No one likes us-I don't know why
We may not be perfect, but heaven knows we try
But all around, even our old friends put us down
Let's drop the big one and see what happens

We give them money-but are they grateful?
No, they're spiteful and they're hateful
They don't respect us-so let's surprise them
We'll drop the big one and pulverize them.
It’s a more closely reasoned version of John McCain’s “Bomb, bomb Iran.”

Most of Newman’s characters are not people like us or like him. But he makes us have some sympathy with them despite their distasteful ideas, even the anti-Semitic, anti-elitist, racist voice of “Rednecks.”* Instead of “Ebony and Ivory,” it’s Ambivalence and Irony.

The ambivalence haunts even the love songs, like “Marie,” which seems merely beautiful until you listen to the lyrics and realize that this guy is a cad.
And I'm weak and I'm lazy
And I've hurt you so
And I don't listen to a word you say
When you're in trouble I just turn away
And yet, his feeling is real.

In “The World Isn’t Fair,” the narrator drops his child off at an exclusive school and imagines a conversation with Marx
All the young mommies were there,
Karl, you never have seen such a glorious sight
as these beautiful women arrayed for the night
just like countesses, empresses, movie stars and queens
And they'd come there with men much like me –
Froggish men, unpleasant to see
It’s like Harold Brodkey’s line, “To see her in sunlight was to see Marxism die.”

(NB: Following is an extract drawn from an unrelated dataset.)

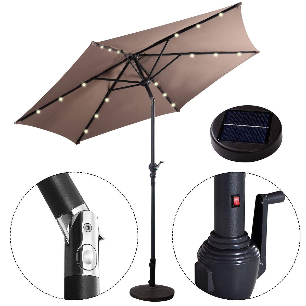 Costway Sonnenschirm mit Solar- LED-Beleuchtung Ampelschirm Gartenschirm Kurbelschirm 2,7M-braun€0,00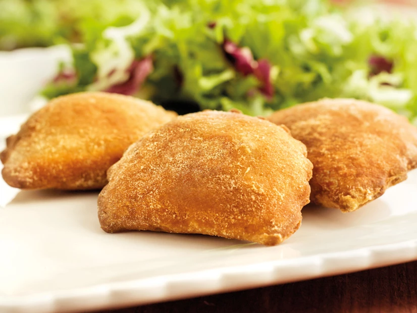 Estenda a massa com um rolo numa superfície polvilhada com farinha, corte-a aos quadrados com um cortador, disponha uma pequena porção de recheio em cada quadrado e feche os pastéis. Frite-os em óleo abundante e bem quente.

I just saw Newman in concert at Carnegie Hall, so I could go on. But I realize this might not be what younger, blogger-rockers are looking for. (“My demographic,” Newman told the audience, “is white males, fifty-two to fifty-five.”) You can see Newman doing most of the songs he did at Carnegie Hall by going to YouTube and searching for the concert he did in Stuttgart two years ago. But to hear his more recent political song, “A Few Words in Defense of Our Country,” catch him at the MacWorld expo.


* “Rednecks” is another song from the 70s that could have been written last week (except maybe for the refrain line about “keepin’ the niggers down”; even rednecks don’t speak that explicitly today).